United Nations passes resolution to address human rights abuses in Sudan

The United Nations’ top human rights body on Thursday adopted a resolution that drew attention to the rise in civilian deaths and rights abuses in Sudan since a bloody conflict between the two top generals erupted last month of the African country.

Violence in Sudan has so far killed more than 600 people, including civilians, and displaced hundreds of thousands. The fighting has also spread to other regions, especially the restive province of Darfur.

The Human Rights Council – made up of 47 UN member states – narrowly passed the resolution with 18 states voting in favor of the resolution, 15 against and 14 other nations abstaining. The resolution aims to further examine human rights violations occurring in Sudan since 15 April.


The fighting in Sudan has erupted following a power struggle between Sudanese army chief General Abdel Fattah Burhan and rival General Mohamed Hamdan Dagalo, who commands the powerful paramilitary rapid support forces.

Arab and African nations, including Sudan, figure largely among the 15 countries that have rejected the move by the United Nations, citing it as a potential obstacle to ongoing peace talks.

Algerian representative Faouzia Boumaiza-Mebarki said the resolution could send a negative message to “opposite parties” and derail ongoing talks between the military and RSF in Saudi Arabia. Similarly, the Chinese ambassador said the country and its warring parties should be “free from external pressure”.

Meanwhile, most Western countries voted in favor, with Europe and the United States co-sponsoring the draft resolution.

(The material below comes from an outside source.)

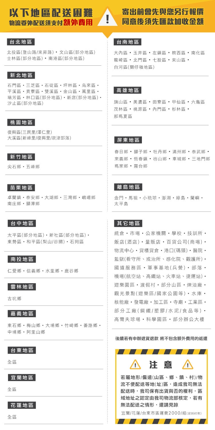 商品顏色因螢幕解析度不同可能導致色差,依實際商品樣式為準。br/購買前請先測量使用範圍以免造成尺寸不合無法使用之情況。br/鑑賞期非試用期,尚未考慮是否需要退換貨時,請勿拆封使用。br/退換貨需用原紙箱運輸,且不得於紙箱上書寫字樣,鑑賞期內請保留所有包裝及配件,避免影響您的退貨權益。br/商品售出如經拆封、使用拆解導致商品缺乏完整性及失去再販售價值時,需負擔整新費用。br/本商品不包含拍攝用道具。br/br/配送範圍僅限台灣本島,離島無配送。br/商品僅配送至收貨地址一樓,無協助搬運上樓,若有需要請自行與配送司機協調。br/商品一旦寄出後,若需變更配送地址則會收取轉運費用。br/br/偏遠地區區域之認定由我司配合物流核定。br/上述(額外費用)寄出會先與您收取(需先匯款+收金額)後續若有申辦退貨退款時,將不包含(額外費用)的返還。

Council of the United Nations

The United Nations Human Rights Council works on a resolution to address the conflict raging in Sudan on May 11, 2023 in Geneva. (FABRICE COFFRINI/AFP via Getty Images)

During the opening speech of the session, the United Nations High Commissioner for Human Rights Volker Turk accused both forces of violating international humanitarian law.

Turk accused the Sudanese army of launching attacks in densely populated areas and the RSF of taking control of “numerous buildings” in the capital, Khartoum, to be used as “bases of operations, evicting residents and launching attacks”.

The United Nations has expressed concern over the plight of civilians caught in the crossfire and concerns over food security and aid deliveries, and has urged support for neighboring countries hosting people fleeing the ongoing violence.


“We have also received several reports of alleged sexual assaults by men in uniform, as well as allegations of unlawful killings and enforced disappearances,” Turk said.

Echoing Turk’s remarks, US Ambassador to the United Nations Human Rights Council Michèle Taylor condemned the attacks on hospitals and health workers. Amid the fighting, numerous hospitals across Khartoum were damaged and forced to close.

Separately, dozens of independent experts working with the UN rights office released a joint statement on Thursday, citing reports that “civilians of all ages are experiencing various human rights violations” in Sudan, including sexual violence , gender-based violence, looting and shortages of food, water and health care.